Владимир Динец - Азия на халяву
Голубые дали, история шестая, в которой автор ловит рыбку в мутной воде.
Энцефалитные на мне резвятся клещи,
Кто вам сказал, что я люблю такие вещи?
В. ТуриянскийВернувшись в Москву в середине мая 1990 года из путешествия по Армении, Грузии и Осетии, я словно упал в гнилое болото во время азартного воздушного боя. После ночных перестрелок на нахичеванской границе и бурных митингов на площади Свободы в Ереване, после сияющих высот Казбека и древних святилищ Цея пришлось вновь увязнуть в городе, жители которого митингам предпочитали очереди за водкой, а борьбе с коммунизмом — спортивную охоту за туалетной бумагой в душных универмагах. А ведь в июле мне предстояло ехать на сборы, да еще в Литву. Перспектива участия в оккупации мало приятна для человека, еще вчера поднимавшего тост «за вашу и нашу свободу» в кафе на площади Сахарова. Еще хуже, честно говоря, было то, что от лета почти ничего не оставалось. Сессия в июне, оккупация в июле, переэкзаменовка в августе… И я решил сдать сессию досрочно, чтобы освободить июнь и август (досрочно сдать экзамен легче — в этом случае тебя могут принять за отличника, потому что обычно досрочную сдачу разрешали только им). Но для этого надо было в течение десяти дней получить разрешение на досрочную сдачу, «спихнуть» два курсовых проекта, десять зачетов и четыре экзамена. Вариант «все вызубрить и честно сдать» исключался. Институт Радиотехники, где я учился, не имел ничего общего ни с моей профессиональной подготовкой, ни с дальнейшими планами. К концу пятого курса я едва отличал диод от триода. Зато такая учеба оставляла массу свободного времени, а как я его использовал, ясно из этих рассказов. Я пришел к декану факультета с письмом от моего научного общества. В письме содержалась просьба разрешить мне досрочную сдачу сессии в связи с участием в «экспедиции особой государственной важности».
— А как вы учитесь, молодой человек? — спросил декан.
— Одна четверка! — гордо ответил я. Это была чистая правда. Все остальные оценки были тройки.
— Ну, тогда, конечно, сдавайте досрочно. Курсовой по ТОЭ удалось достать только на час. Вообще-то вариант был беспроигрышный — этот тест переписывали друг у друга многие поколения студентов.
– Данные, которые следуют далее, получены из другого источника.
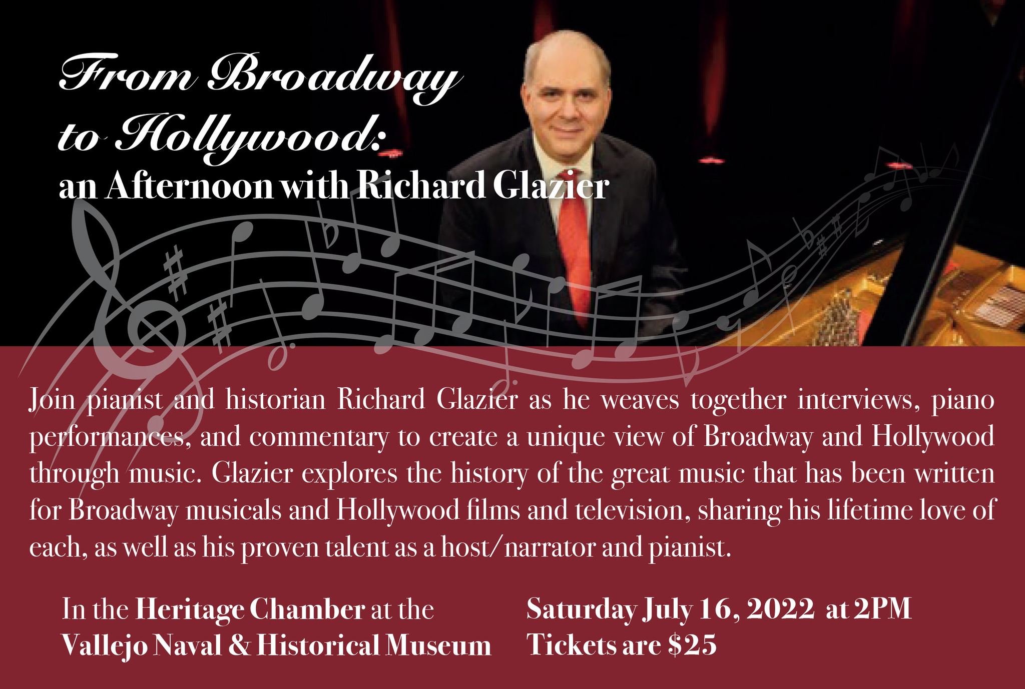 From Broadway to Hollywood– Join pianist and historian Richard Glazier as he weaves together interviews, piano performances, and commentary to create a unique view of Broadway and Hollywood through music. Glazier explores the history of the great music that has been written for Broadway musicals and Hollywood films and television, sharing his lifetime love of each, as well as his proven talent as a host/narrator and pianist at the Vallejo Naval and Historical Museum.

Но вот почерк у меня очень плохой, а в спешке я настрочил проект так, что сам не мог прочитать.
— Я не возьму на проверку такой неаккуратный проект! — гневно изрек патриарх советского ТОЭ Засонин. — И вообще, почему я ни разу не видел вас на лекциях?
— Весь семестр я болел клещевым энцефалитом, — грустно сказал я, — теперь вот рука плохо слушается. По проекту это было ясно видно. Засонин расписался в зачетке, всхлипывая от сознания собственной доброты. Второй предмет назывался ОПУП, не помню, что это означало. О злом доценте Елизарове было известно только, что он бывший подводник.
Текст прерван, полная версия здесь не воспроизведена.